Когда все собрались расходиться, Андзолето, улучив минуту, шепнул ей:
— Я знаю, где твоя комната; меня поместили в том же коридоре. В полночь я встану на колени у твоей двери и простою так до утра. Не откажи выслушать меня хоть минуту. Я не порываюсь снова завоевать твою любовь — я ее не стою. Знаю, что ты больше не можешь любить меня, знаю, что другой осчастливлен тобой и мне надо уехать. Уеду я с глубокой скорбью в душе, и остаток дней моих будет отдан во власть фуриям. Но не выгоняй меня, не сказав мне слова сострадания, не сказав «прости»! Если ты откажешь мне в этом, я с рассветом уеду и тогда уже погибну навсегда.

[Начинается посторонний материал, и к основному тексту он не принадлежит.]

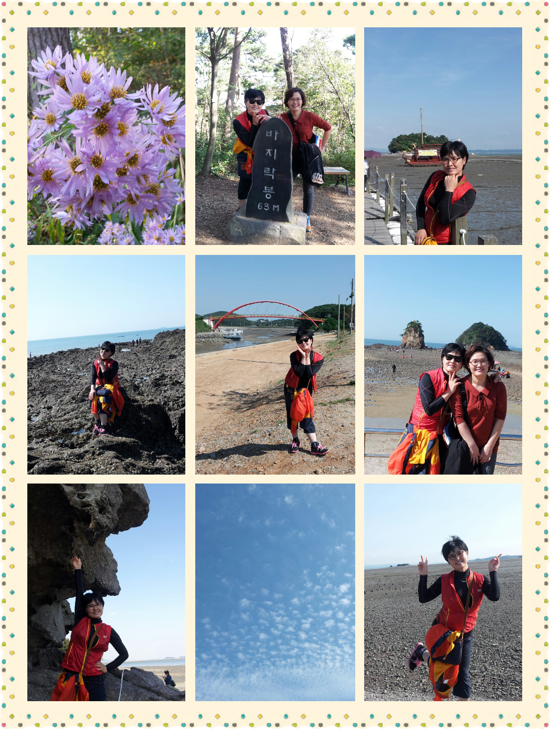 안면도  자연휴양림과 꽃지해변의 바다향기와 대하축제장 그리고 안면암 부교를 지나  기이한 바위들과  논 시간들이 좋았다.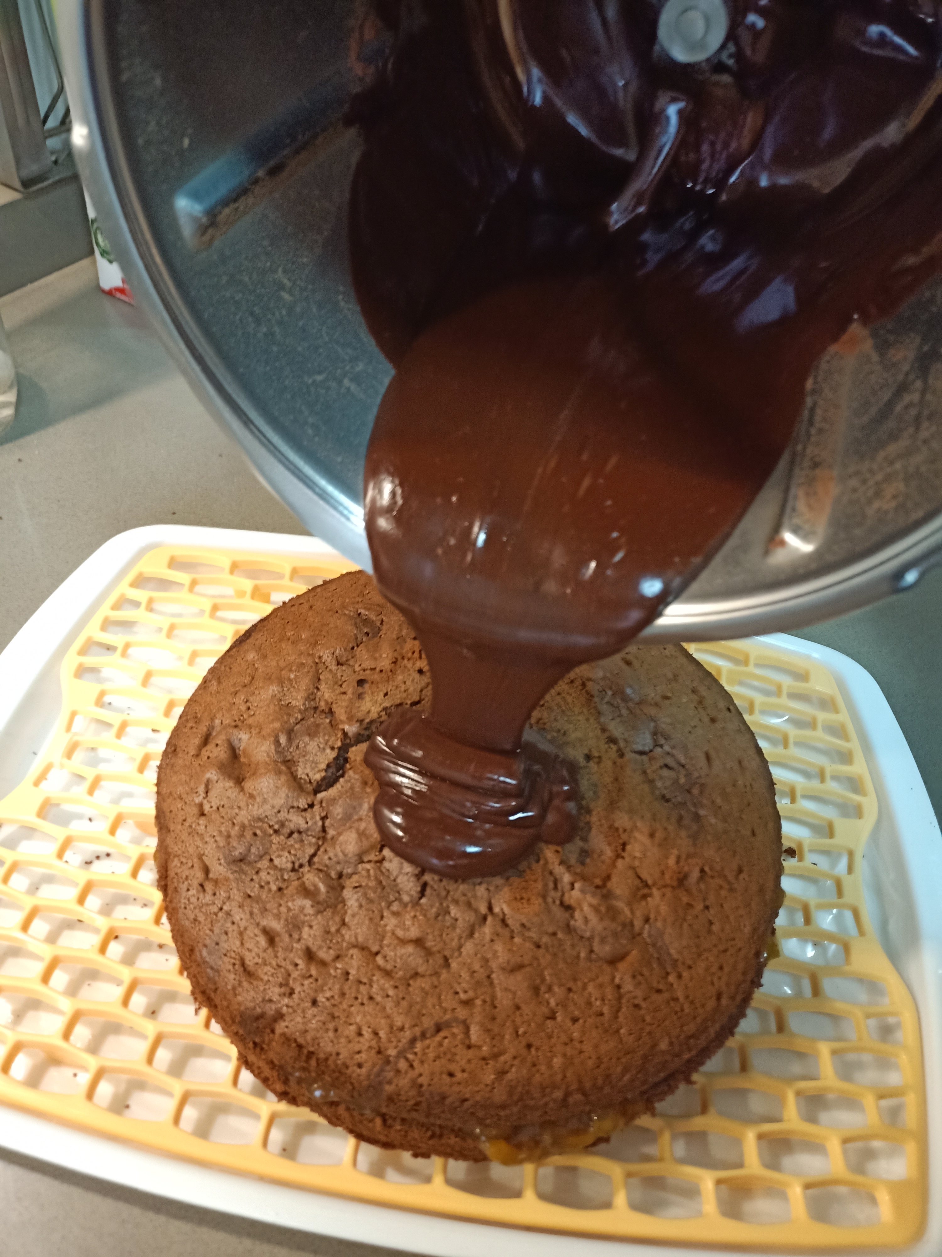 Añada agua 4min/50/vel 2. Añada mantequilla casera y mezcle 4min/50/vel 2. Colocamos en la bandeja con rejilla y la echamos la cobertura y alisamos con espátula para que quede lisa y brillante.

— Не говорите так, Андзолето. Мы должны расстаться с вами сейчас, и расстаться навек. Я вам прощаю и желаю…
— Доброго пути, — ироническим тоном докончил он и, тотчас возвращаясь к своему лицемерию, продолжал: — Ты безжалостна, Консуэло. Ты хочешь, чтобы я окончательно погиб, чтобы во мне не осталось ни единого доброго чувства, ни единого хорошего воспоминания. Чего ты боишься? Не тысячу ли раз доказывал я тебе свое уважение, чистоту своей любви? Когда любишь безумно, разве не становишься рабом? Неужели ты не знаешь, что одного твоего слова достаточно, чтобы укротить, поработить меня? Ради бога, если только ты не возлюбленная того человека, за которого выходишь замуж, если он не хозяин твоей комнаты и не неизбежный компаньон твоих ночей… — Он не возлюбленный мой и никогда им не был, — прервала его Консуэло тоном горделивой невинности.
Было бы лучше, если бы она подавила в себе этот гордый порыв, хотя и вполне обоснованный, — он был слишком чистосердечен сейчас. Андзолето не был трусом, но он любил жизнь, и, рассчитывай он найти в комнате Консуэло отважного стража, молодой итальянец преспокойно остался бы у себя. Правдивые нотки, прозвучавшие в ответе молодой девушки, окончательно придали ему смелости.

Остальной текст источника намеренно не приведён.